1

I don't know why, but probably PHP persisted some of my data as object and some of them as array. My table looks something like:

seller_info_address Table:

 ID (INT)  |  address (JSONB)                                  |
------------+--------------------------------------------------|
     1      | {"addressLines":{"0":"Technology Park",...},...} |
     2      | {"addressLines":["Technology Park",...],...}     |

Some addressLines are objects:

{
  "addressLines": {
    "0": "Technology Park",
    "1": "Blanchard Road",
    "3": "Dublin",
    "4": "2"
  },
  "companyName": "...",
  "emailAddress": [],
  "...": "..."
}

Some addressLines are arrays:

{
  "addressLines": [
    "Technology Park",
    "Blanchard Road",
    "Dublin",
    "2"
  ],
  "companyName": "...",
  "emailAddress": [],
  "...": "..."
}

I would like to equalize the data with a SQL query, but I'm not sure how to do it. All addressLines persisted as object should be updated to array form.

I am grateful for help, thanks!

crazyyou
  • 581
  • 1
  • 4
  • 15
  • 1
    I just had this exact same problem, and came here looking to clean up the data. The reason your data is sometimes an array, and sometimes an object is because the php array must be 0 based to be treated as an array. see https://stackoverflow.com/a/66644255/3790921 – Chad Mar 15 '21 at 19:43

2 Answers2

1

You can convert the objects to an array using this:

select id, (select jsonb_agg(e.val order by e.key::int) 
            from jsonb_each(sia.address -> 'addressLines') as e(key,val))
from seller_info_address sia
where jsonb_typeof(address -> 'addressLines') = 'object'

The where condition makes sure we only do this for addresslines that are not an array.

The aggregation used can also be used inside an UPDATE statement:

update seller_info_address
  set address = jsonb_set(address, '{addressLines}', 
                          (select jsonb_agg(e.val order by e.key::int) 
                           from jsonb_each(address -> 'addressLines') as e(key,val))
                          )
where jsonb_typeof(address -> 'addressLines') = 'object';
  • Fascinating, almost simultaneously the same solution. I guess we're soul mates. Thank you for your trouble! – crazyyou Aug 20 '20 at 11:37
0

Ok, I have now found a solution myself. Definitely not the most eloquent solution. I'm sure there's a nicer and more efficient one, but it works...

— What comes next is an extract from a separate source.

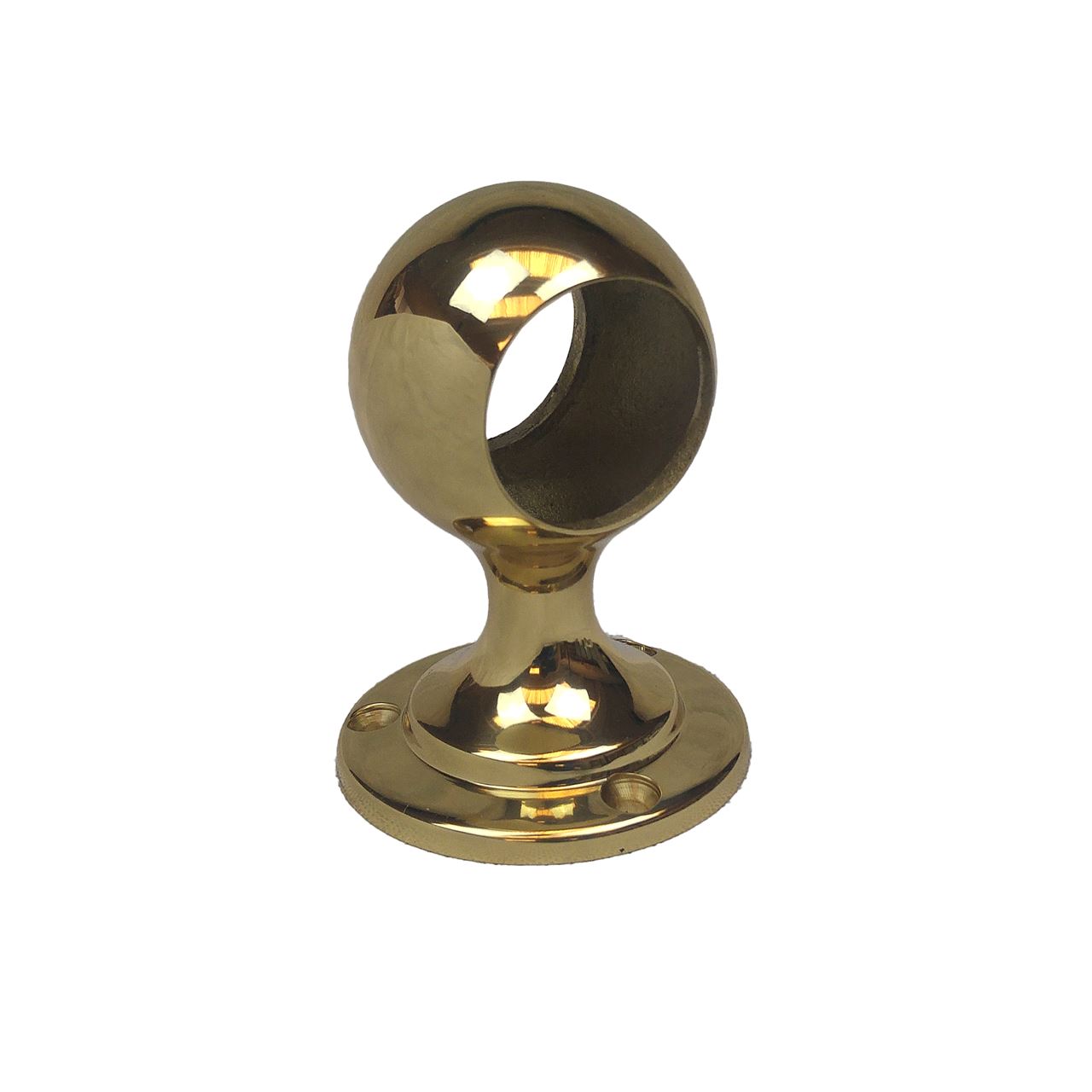 Soporte pasamanos pasante de latón dorado brillo.

DROP FUNCTION update_address_object_to_array(id INTEGER);
CREATE OR REPLACE FUNCTION
    update_address_object_to_array(id INTEGER)
    RETURNS VOID AS
$UPDATE_ADDRESS_OBJECT_TO_ARRAY$
BEGIN
    UPDATE seller_info_address
    SET address = jsonb_set(address, '{addressLines}', (
        SELECT CASE
                   WHEN jsonb_agg(addressLines) IS NOT NULL THEN jsonb_agg(addressLines)
                   ELSE '[]'
               END
        FROM seller_info_address sia,
             jsonb_each(address #> '{addressLines}') as t(key, addressLines)
        WHERE jsonb_typeof(sia.address -> 'addressLines') = 'object'
          AND seller_info_id = update_address_object_to_array.id
    ), true)
    WHERE seller_info_id = update_address_object_to_array.id
      AND jsonb_typeof(address -> 'addressLines') = 'object';
END
$UPDATE_ADDRESS_OBJECT_TO_ARRAY$
    LANGUAGE 'plpgsql';
SELECT update_address_object_to_array(sia.seller_info_id)
  FROM seller_info_address sia
 WHERE jsonb_typeof(address -> 'addressLines') = 'object';

The inner SELECT fetches all lines in the addressLines object using jsonb_each and then aggregates them into an array using jsonb_agg. The conditional expressions is to prevented null cases.

The result is then stored in the UPDATE via jsonb_set to the required position in the json. The WHERES should be self-explanatory.

crazyyou
  • 581
  • 1
  • 4
  • 15